Nowadays, we cannot imagine our life without video content and without devices that enable us to acquire and display such content. According to recent research, in 2012, the video content transfer over the Internet was around 60% of the overall Internet data transfer, and the overall video transfer (including the Internet) could reach 90% during the next four years. The TV sets supporting only full high-definition (HD) resolution (i.e., 1080p) are already considered to be outdated due to a dramatic demand for the ultra-HD resolution that often refers to $\mathsf{3840}\times \mathsf{2160}$ (4K) or $\mathsf{7680}\times \mathsf{4320}$ (8K) resolutions. So, what are the key factors for such tremendous progress? If you are reading this special section on video compression technology, we are sure that you know the answer…

This Optical Engineering special section attempts to provide an overview of the recent achievements in video compression technology, with articles written by professionals and experts in this field. Particularly, this special section consists of eight articles, which can be divided into four groups.

The first group of articles consists of three papers and addresses various issues related to the H.264/MPEG-4 AVC video coding standard, particularly with regard to the video decoding process. The article “Optimal complexity scalable H.264/AVC video decoding scheme for portable multimedia devices” by H. Lee et al. presents a complexity-scalable H.264/MPEG-4 AVC-based video decoding scheme, thereby enabling control over decoding computational complexity in a scalable manner. Also, the article “Enhanced low bitrate H.264 video coding using decoder-side super-resolution and frame interpolation” by H. F. Ates offers a decoder-side super-resolution (SR) and motion-compensated frame interpolation (MCFI) algorithms for improving the H.264/MPEG-AVC coding efficiency. In addition, a fast decoding method is proposed for the context-adaptive variable length coding (CAVLC) by D. W. Ki and J. H. Kim in the article “Fast multiple run_before decoding method for efficient implementation of an H.264/AVC context-adaptive variable length coding decoder.”

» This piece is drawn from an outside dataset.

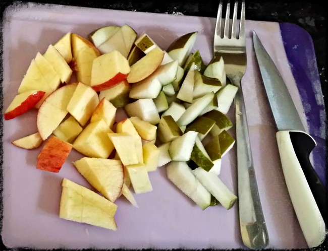 Chop the fruit up into bite sized chunks and add to a pan of about 4 tablespoons of water
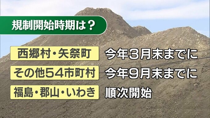 開始時期は、西郷村と矢祭町にはすでに規制すべき盛り土があることから、今年3月末までに適用するとしていて、その他の54市町村は9月末までに、福島市など中核市についても、順次規制を適用します。

The second group contains an article titled “Spatial and interlayer hybrid intra-prediction for H.264/SVC video” by C.-S. Park, which relates to the scalable extension of the H.264/MPEG-4 AVC video coding standard, i.e., to the scalable video coding (SVC) standard. In his work, Park aims to improve the intra-prediction performance by adaptively exploiting the spatial correlation as well as the interlayer correlation between the SVC base layer (BL) and the SVC enhancement layers (EL).

The third group of articles consists of two papers that relate to the high-efficiency video coding (HEVC) standard, the first edition of which was officially finalized in January 2013. According to many recent studies, the HEVC standard is capable of providing a bit-rate reduction of about 50% at the same visual quality compared to its predecessor, the H.264/MPEG-4 AVC standard. On this topic, J. Xiong, in his article titled “Fast coding unit selection method for HEVC intra-prediction,” presents a method for determining an appropriate HEVC coding unit (CU) size to reduce computational complexity of the intra-coding process. Also, in the article titled “Edge-preserving down/upsampling for depth map compression in high-efficiency video coding,” H. Deng et al. present a method for efficiently compressing depth maps within the HEVC-based framework by considering edge similarities between depth maps and their corresponding texture images, as well as the structural similarity among the depth maps.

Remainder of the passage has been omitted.